SailPoint is approaching non-human identity management from the identity governance and administration side with its Agentic Fabric. The new platform layer extends the company’s Identity Security Cloud beyond human users to cover AI agents, machine identities and applications. Agentic Fabric is designed to discover agents across cloud environments and endpoints, inventory them, and map each one to human owners, data sets and entitlements through an identity graph. This enables security teams to manage lifecycle events, apply least-privilege policies and enforce real-time authorization for agents just as they do for employees or service accounts. SailPoint also highlights zero-standing privilege, where powerful permissions are granted only on demand for a specific task and then revoked. By packaging these controls into new agentic tiers, the company positions AI agent identity governance as a natural extension of existing IAM and IGA programs rather than a separate AI security silo.

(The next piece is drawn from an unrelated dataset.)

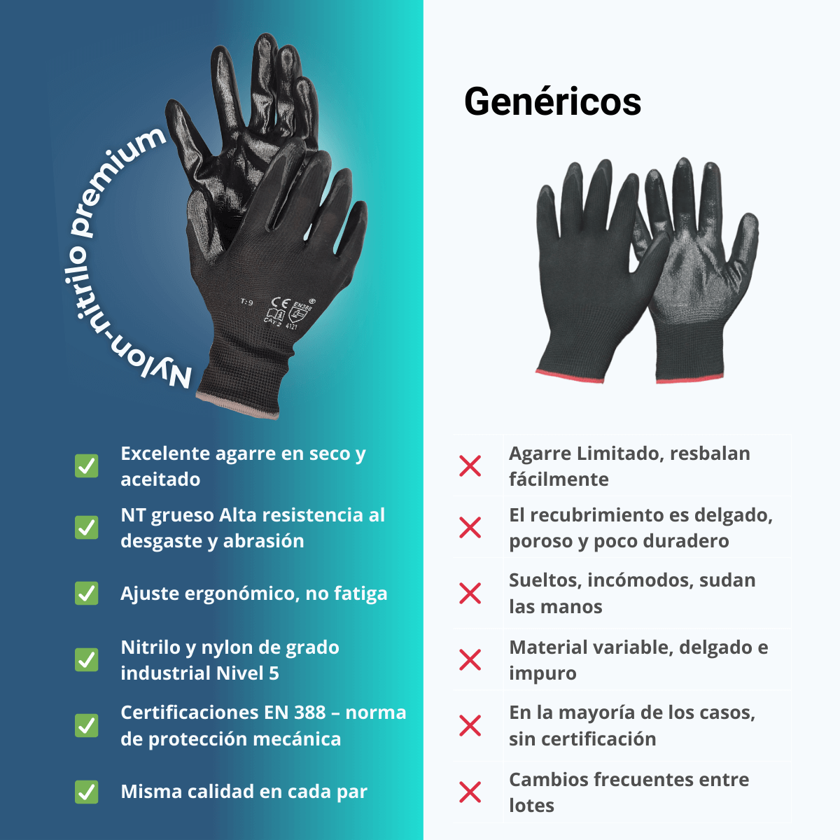 Cumplen con la norma EN388 para protección mecánica.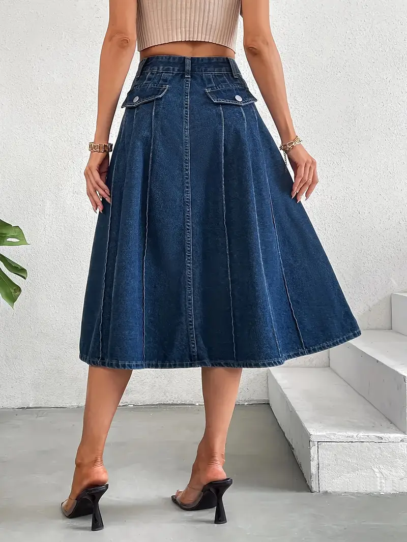 تنورة دينم ميدى مطوية أنيقة للنساء – خليط رايون، غير مطاطية، لون سادة مع جيوب زائفة

How Enterprise Security Teams Are Managing AI Agents as Non-Human Identities

Building Comprehensive Non-Human Identity Management with Integrated Stacks

The convergence of platforms such as Idira and Agentic Fabric signals a broader shift toward comprehensive non-human identity management. Instead of treating AI agents as opaque application features, enterprises are building agentic access control into their core IAM frameworks. Palo Alto Networks’ integration of CyberArk, Koi and Portkey demonstrates how privileged access, AI asset discovery and agentic governance can be combined in a unified policy layer. SailPoint’s model complements this by aligning AI agent identities with human owners, business roles and critical data relationships, reinforcing accountability and traceability. Together, these approaches address emerging requirements from analysts and industry groups for traceable agent identities, fine-grained authorization and continuous monitoring in multi-agent systems. For security teams, the next phase is operational: aligning existing IAM processes, SOC workflows and compliance controls so that every autonomous agent is onboarded, monitored and deprovisioned with the same rigor as a human user.